Genome Evolution Laboratory, National Institute of Genetics, Mishima, Japan.
Department of Biological Information, Tokyo Institute of Technology, Ookayama, Meguro-ku, Tokyo, Japan.
PLoS Comput Biol. 2018 Jun 6;14(6):e1006143. doi: 10.1371/journal.pcbi.1006143. eCollection 2018 Jun.
As data for microbial community structures found in various environments has increased, studies have examined the relationship between environmental labels given to retrieved microbial samples and their community structures. However, because environments continuously change over time and space, mixed states of some environments and its effects on community formation should be considered, instead of evaluating effects of discrete environmental categories. Here we applied a hierarchical Bayesian model to paired datasets containing more than 30,000 samples of microbial community structures and sample description documents. From the training results, we extracted latent environmental topics that associate co-occurring microbes with co-occurring word sets among samples. Topics are the core elements of environmental mixtures and the visualization of topic-based samples clarifies the connections of various environments. Based on the model training results, we developed a web application, LEA (Latent Environment Allocation), which provides the way to evaluate typicality and heterogeneity of microbial communities in newly obtained samples without confining environmental categories to be compared. Because topics link words and microbes, LEA also enables to search samples semantically related to the query out of 30,000 microbiome samples.
随着在各种环境中发现的微生物群落结构数据的增加,研究已经检查了检索到的微生物样本的环境标签与其群落结构之间的关系。
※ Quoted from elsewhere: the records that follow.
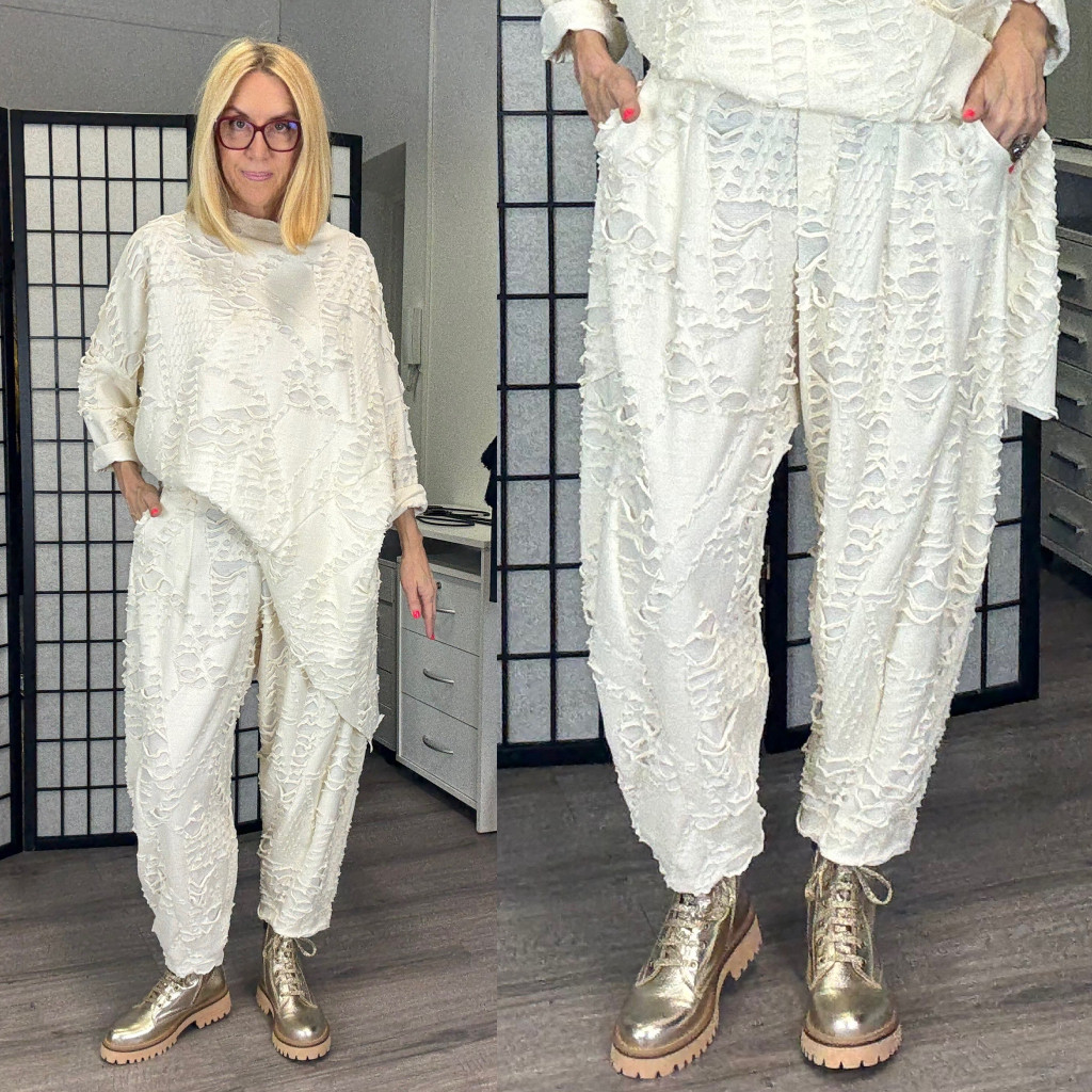 Gumis derekú nadrág, csípőben bő fazon, lefelé szűkül.
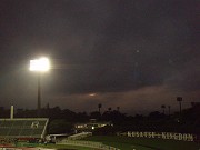 各地に大雨を降らした台風9号が日本に向けて北上しつつあった月曜平日のナイトゲーム。不安定な天気でこの連日群馬も大雨、前日日曜の宇都宮の栃木vs横浜の試合も雷雨に中止になってたぃね。天気予報サイトで見っと、ナイトゲームの試合時間は時間20ミリ!とかまっさかすんげぇ豪雨が予想されてたぃね。今年の夏はまーず狂ってらぃな。逆にそんな豪雨の中の試合ならいっちょ経験して後世の語り草にしてやんべぇ!と思って逆に燃えちまったオレもなっからバカだぃねー(笑)正田スタに到着すっと、豪雨の予報がされてるんに、家族や友人、職場の冷てぇ視線に耐えつつ、ずぶ濡れ上等で正田スタに馳せ参じた2千人余りの愛すべきザスパバカたち。もちろんこんな時に遠路はるばる群馬までやってきた岡山サポにも深甚なる敬意を表するで。今日の対戦は、本年J2参入組のファジアーノ岡山。正田スタに初見参。岡山は、そのチームへの関心とゆうよりは、2005年のザスパの監督を務めた手塚氏が監督が率いてる点に注目だぃね。思えばザスパのJ初年度の2005年は、Jの洗礼、揃わぬ戦力、脆弱な経営体制、数々のスキャンダルなど苦難に満ちた年だったけんど、そんな悪条件の中、監督として結果を求められた手塚氏はなっから大変だったんべなぁと、今になってみるとつくづくお気の毒だったんじゃねぇかと思うんさ。そういやあの頃、手塚氏は惨敗の試合後でも選手と一緒にサポータの前に挨拶しに来てくれたことが何度もあったんべ?今思うとすげぇ器のでっけぇ監督だったんじゃねぇきゃ?って思うよ。 さてそんな手塚氏の率いる岡山との対戦。ザスパは都倉が2試合出場停止中、後藤が負傷っつーことで、今日は高田、小池のツートップ。GKは常澤、DFは寺田・喜多・田中・佐田、MFは廣山・熊林・櫻田・松下、サブは北・藤井・三澤・山崎・佐藤。後藤の戦線離脱、氏原も都倉と売店でサイン係orzになってるんで一気に手薄になっちまったFWとして「快速」とのウワサの三澤がいつ投入されるんかも期待だぃね。幸いにも雲は低く立ち込めてるけんど、全然降んねぇみてぇだ。どこが20ミリの豪雨なん?(呆)しっかしおーか湿度が高けぇんし、雨台風なんか風はほとんどねぇし。こりゃまるで蒸し風呂だぃな。じっとしてるだけでも汗が出てくらぁ。走り回らなくちゃなんねぇ選手たちの体力が心配だぃね。ホームで13戦勝ちに見放されてるザスパ、今日こそ勝利の草津節を唄うことがでぎるんか?第1クールのアウェイで0-3で快勝した手塚岡山との一戦が始まったぃね。 試合早々からザスパは積極的に攻める。早々に小池のシュート。前半11分には飛び道具・松下の弾丸ミドル。これをGKがはじいて得たCK。ショーコーナーからパスを受けた櫻田がシュート!、そして小池がこれに触れて決まったみてぇだ。GOOOOOAL!!!(と書いてはみたけんど、B-H北からだと遠くって、混戦の中、小池が決めたんは正直全くわかんなかったぃね)先取点、1-0!この攻勢ならまだまだ追加点は奪えるで! その後も攻勢を続けるザスパ。まるでこれまでの試合の分もまとめて打っちゃうんべぇ!みてぇなシュートの雨アラレを岡山ゴールに浴びせる。ディフェンスラインも高く取っていて、岡山のワントップの元水戸の西野への縦パスはことごとくオフサイドになってたぃね。ザスパが圧倒的に攻め続けた前半。しっかし攻めても攻めても2点目を奪うことがでぐぎねぇ。佐田のクロスに高田のいい角度のヘッドも相手GKに止められ、そのまんま前半が終わっちまう。 後半開始。岡山・手塚氏は一気に選手2人を替えてくるという大胆な采配。開始早々に佐田がミドルを放ってまたもザスパの時間になるかと思いきや、後半3分ザスパCKからのカウンターから、その替わった背番号48(!)の青木がボールを受け右サイドを上がると、寺田がペナルティエリア内で倒してしまいPKを献上。寺田は黄紙で次節累積で出場停止。このPKを西野にきっちり決められ、1-1、同点。またも後半立ち上がりに失点するとゆういつもの悪りぃパターンが露呈。しっかし時間はまだまだある!と思ったけんど、後半は前半とうって変わって岡山の攻勢に晒され続けることになったぃね。台風が持ち込む湿った空気、無風に近けぇスタは蒸し風呂状態。互いに消耗戦となって、時間と共に見た目にもザスパの選手の運動量は徐々に下がっていって、岡山に主導を握られる。起点の松下にプレスを掛けられ、サイドの駆け上がりを封じられたりと、ますます手塚氏の弄した策に嵌る。途中バーを叩くシュートを浴びたり、鋭いカウンターを何度も何度もくらったりして失点の危機はいくつもあった。もう少し岡山に精度と決定力があったら一体何点取られてたんべか。後半20分には熊林から山崎、後半37分には(まだまだ走れてたような気もしたけんど)小池から佐藤穣と交代したが全く流れはかわらず。後半43分には櫻田に替え、Jリーグデビューとなる三澤を投入したけんど、気合いが空回りしたんだか快速
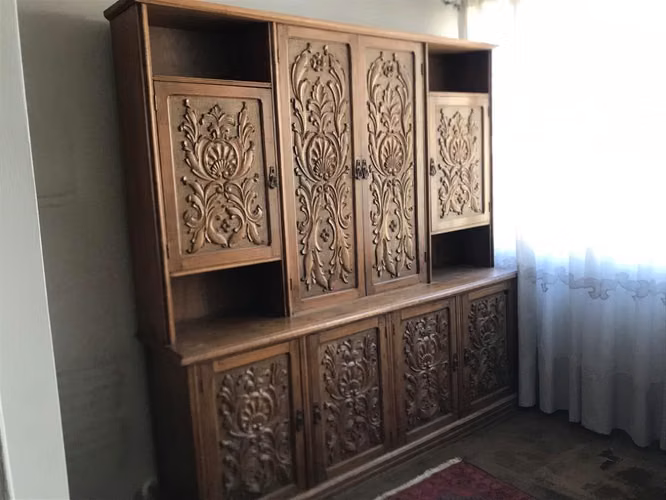 Mueble grande, antiguo, lleno de detalles tallados.
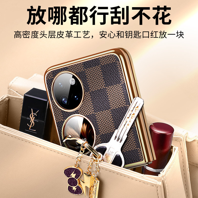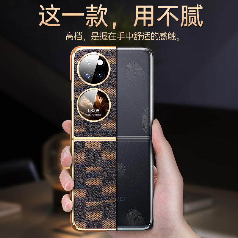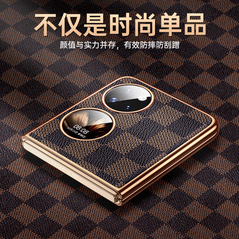 适用华为P50pocket手机壳新款防摔p50宝盒保护套网红皮纹电镀p50POCKET折叠屏全包P50Pocket 2男女款高级感5g - 开迪丰鑫数码专营店
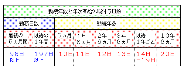 1 派遣スタッフが6ヵ月を超えて引き続き雇用される場合は、所定の年次有給休暇を与える。年次有給休暇の日数は別表の通りとする。
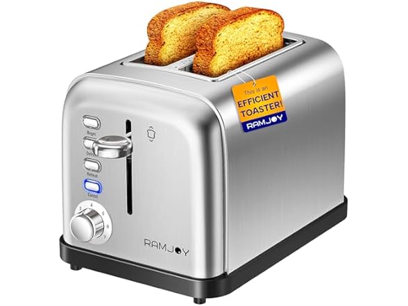 - STAINLESS STEEL 2 SLICE TOASTER - Designed with brushed stainless steel housing, the compact and efficient 2-slice toaster allows you to perfectly toast 2 slices of bread, both halves of bagels, and more.
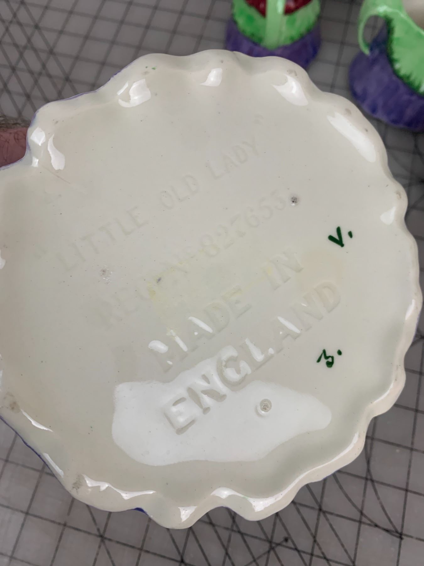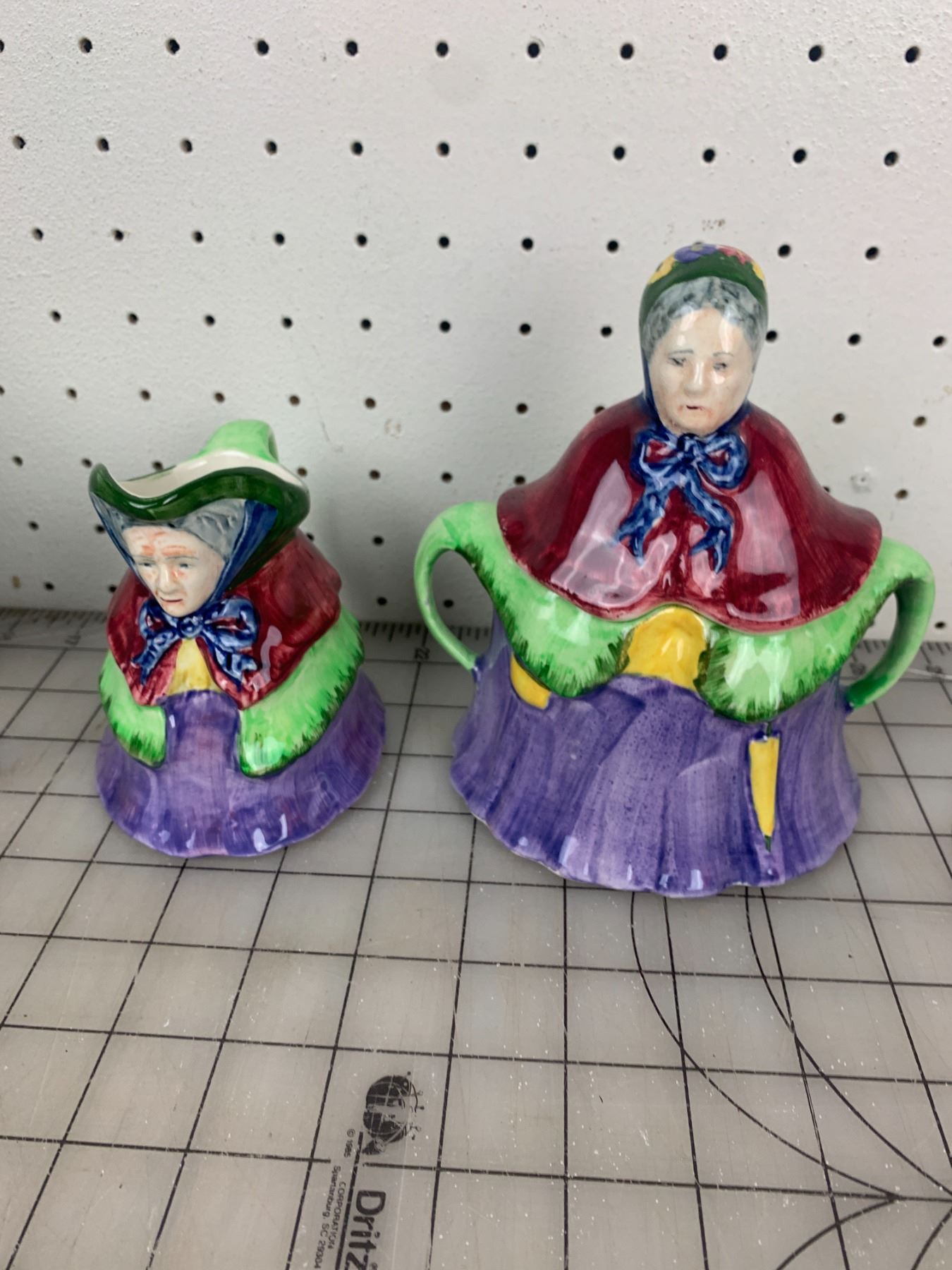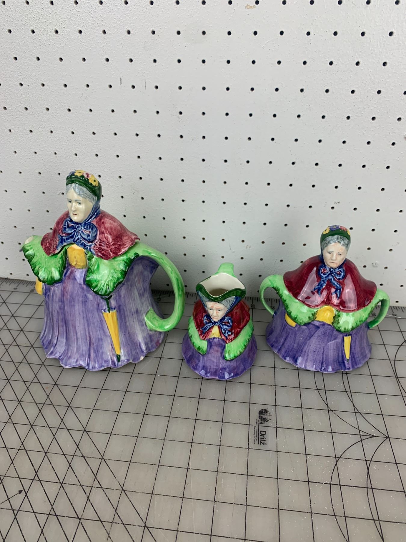 VINTAGE LITTLE OLD LADY ENGLAND TEA POT CREAM AND SUGAR SET
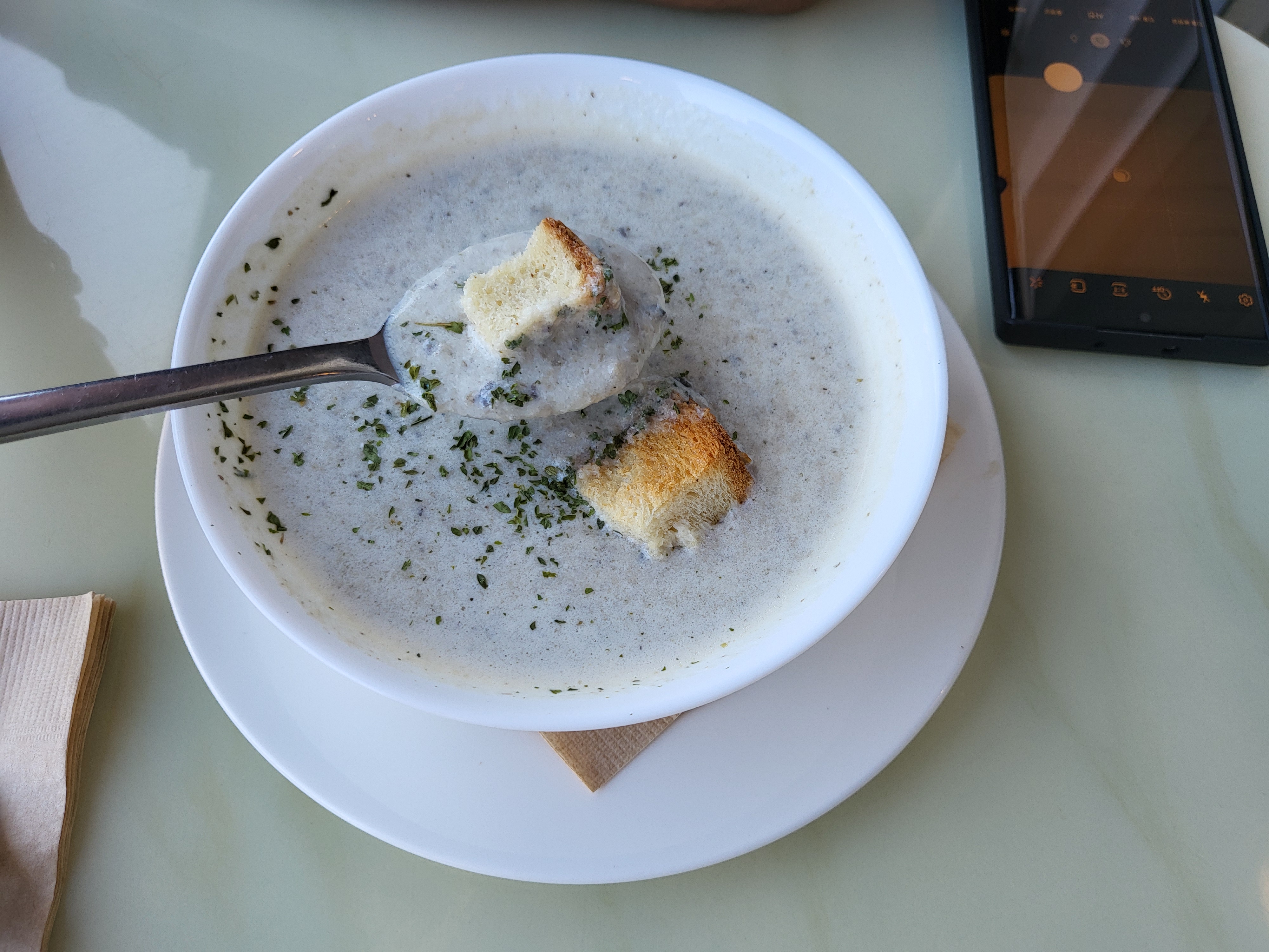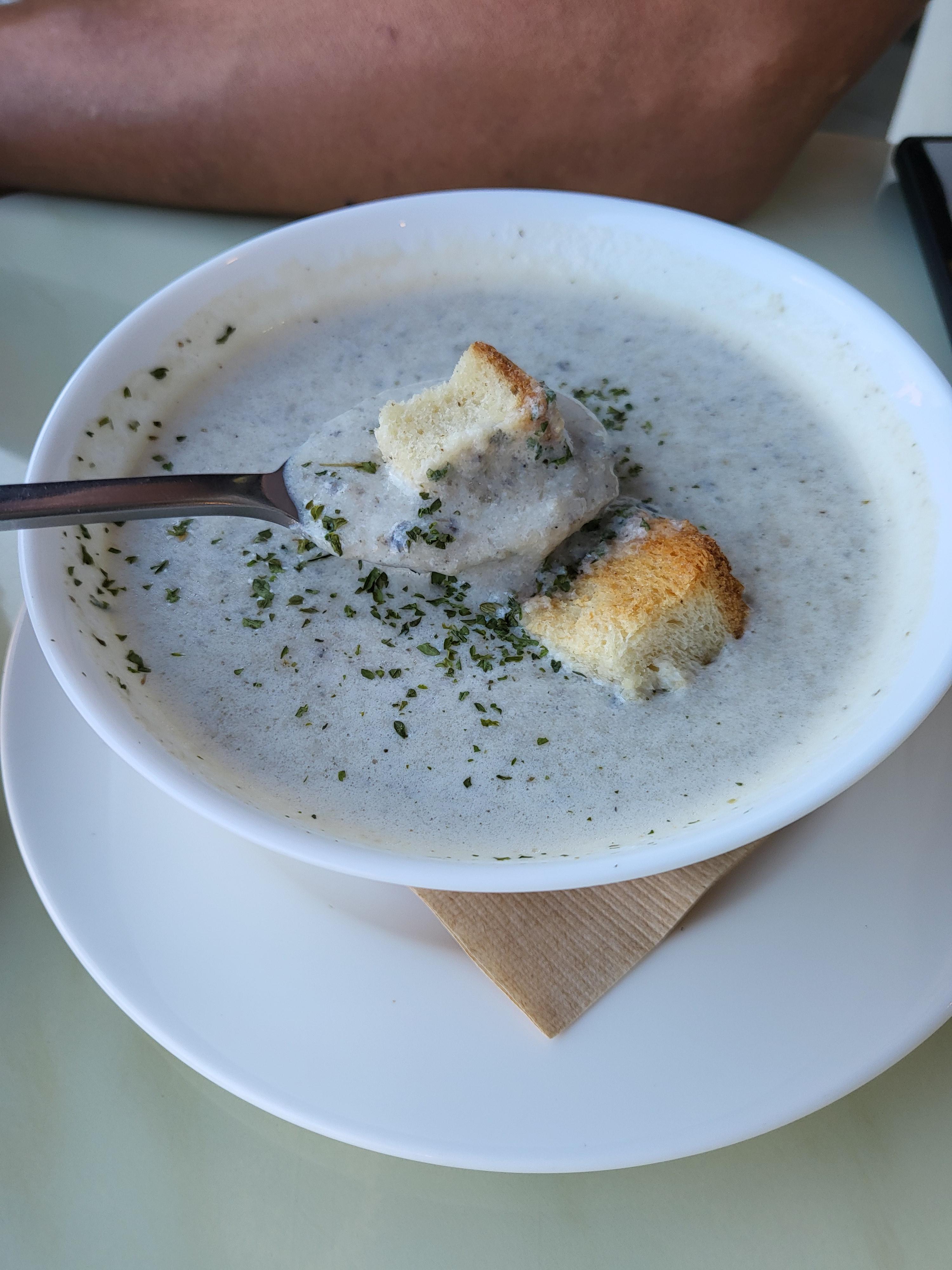 지난번엔 토마토수프 먹었거든요. 저는 버섯이 더 맛있네요.
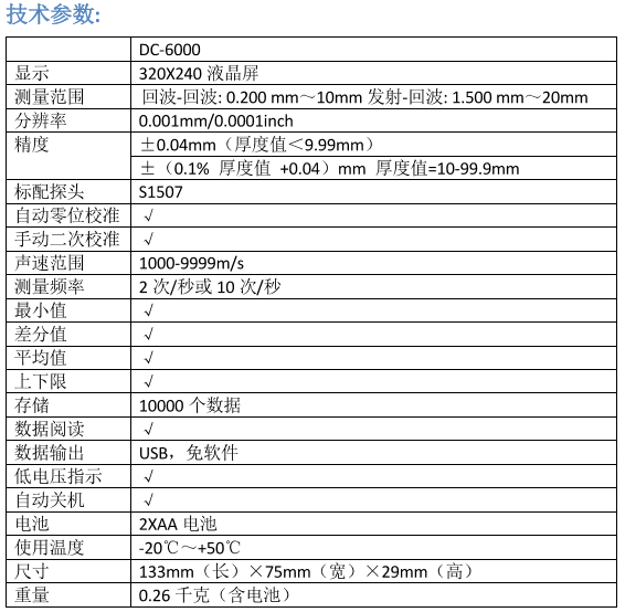 产品特点 1. A/B扫,大屏彩色显示 320×240 2. 分辨率 0.001 mm,测量范围:回波-回波:0.200mm-10mm,发射-回波:1.500mm-20mm 3. 标准配置 15MHz 单晶探头 S1507,特别适用于超薄件,高精度测量 4. 探头自动识别和自动零位校准 5. 自动定位底面回波 6. 自动测量和手动测量可选 7. 100文件 X 100 个数据/文件夹, 8. 数据传输无需软件,适用于任何Windows操作系统 9. 用户移除探头,测量数据冻结于液晶屏上,方便用户查看 技术参数
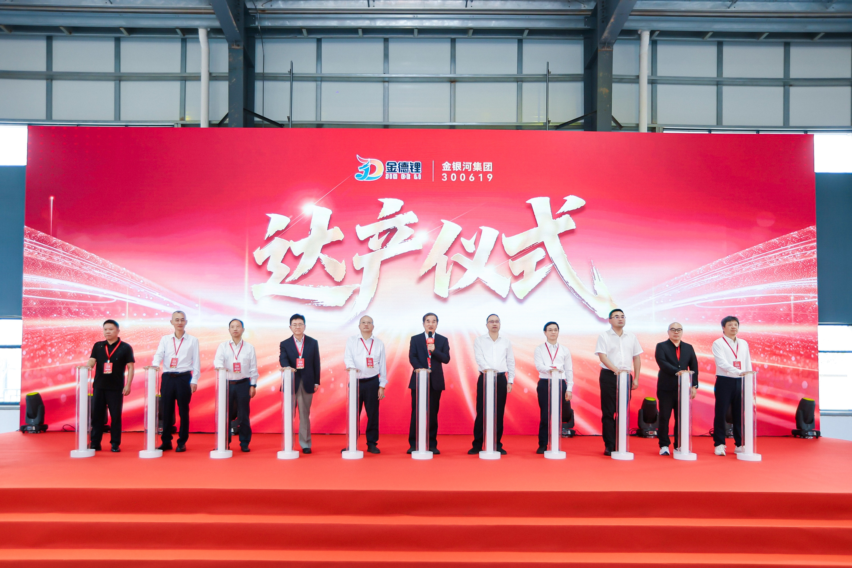 在與會者的共同矚目下,十一位重要見證者共同啟動“能量柱”,宣布江西金德鋰千噸級高純銣銫鹽產線成功達產。這一儀式標志著金德鋰在戰略稀貴金屬領域的新征程正式開啟。

然而,由于环境随时间和空间不断变化,应该考虑一些环境的混合状态及其对群落形成的影响,而不是评估离散环境类别的影响。在这里,我们应用了一个层次贝叶斯模型,该模型包含了超过 30000 个微生物群落结构和样本描述文档的配对数据集。从训练结果中,我们提取了潜在的环境主题,这些主题将共同出现的微生物与样本之间共同出现的单词集联系起来。主题是环境混合物的核心要素,基于主题的样本可视化澄清了各种环境之间的联系。基于模型训练结果,我们开发了一个 Web 应用程序,LEA(潜在环境分配),它提供了一种在新获得的样本中评估微生物群落典型性和异质性的方法,而无需将比较的环境类别限制为离散类别。由于主题将单词和微生物联系起来,LEA 还可以从 30000 个微生物组样本中搜索与查询语义相关的样本。